Optimizing Interventions via Offline Policy Evaluation: Studies in Citizen Science
Keywords:Citizen Science, Off-line Policy Evaluation
Volunteers who help with online crowdsourcing such as citizen science tasks typically make only a few contributions before exiting. We propose a computational approach for increasing users' engagement in such settings that is based on optimizing policies for displaying motivational messages to users. The approach, which we refer to as Trajectory Corrected Intervention (TCI), reasons about the tradeoff between the long-term influence of engagement messages on participants' contributions and the potential risk of disrupting their current work. We combine model-based reinforcement learning with off-line policy evaluation to generate intervention policies, without relying on a fixed representation of the domain. TCI works iteratively to learn the best representation from a set of random intervention trials and to generate candidate intervention policies.
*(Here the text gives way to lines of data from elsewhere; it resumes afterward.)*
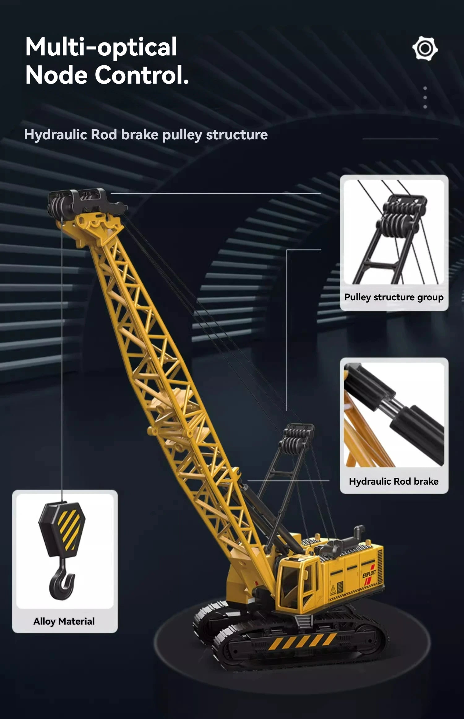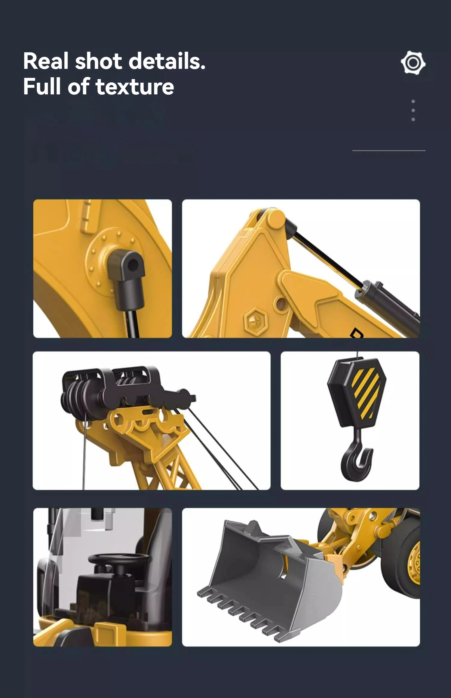 - Design: Realistic construction model with loader, tractor, and excavator features.
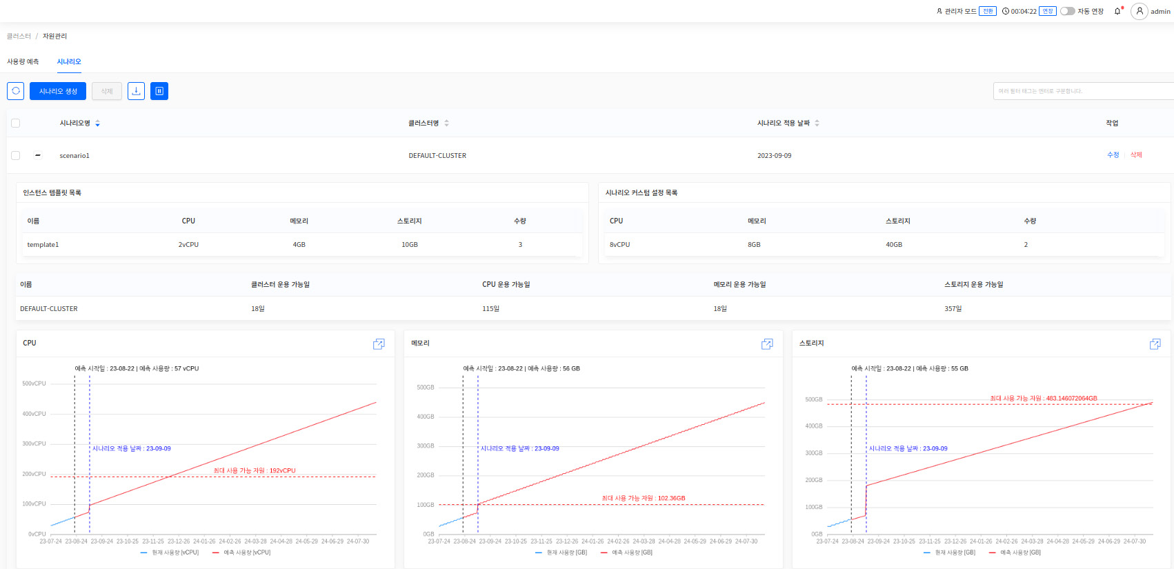 관리자 모드 > 클러스터 > 자원관리 > 시나리오를 클릭하면 다음과 같은 그래프가 출력됩니다.
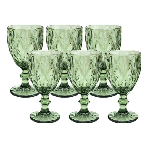 Kit Com 6 Taças água vidro Diamante diamound Reforçado 325ml - Taça de Vinho Tinto champing
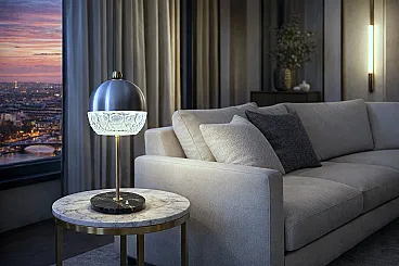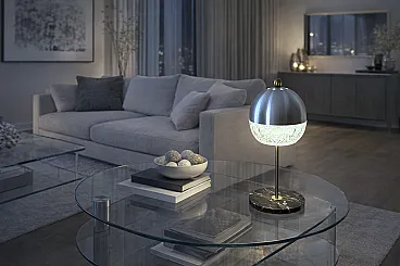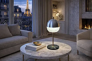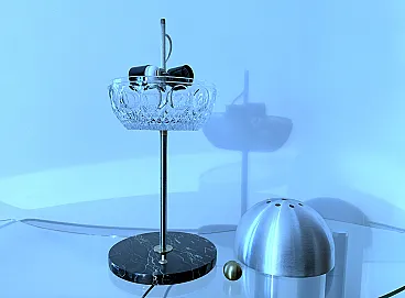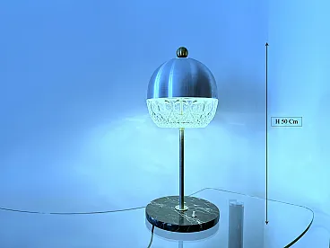 Lampada da tavolo in cristallo, marmo e ottone, anni '60

It is able to refine selected policies off-line by exploiting the fact that users can only be interrupted once per session.We implemented TCI in the wild with Galaxy Zoo, one of the largest citizen science platforms on the web. We found that TCI was able to outperform the state-of-the-art intervention policy for this domain, and significantly increased the contributions of thousands of users. This work demonstrates the benefit of combining traditional AI planning with off-line policy methods to generate intelligent intervention strategies.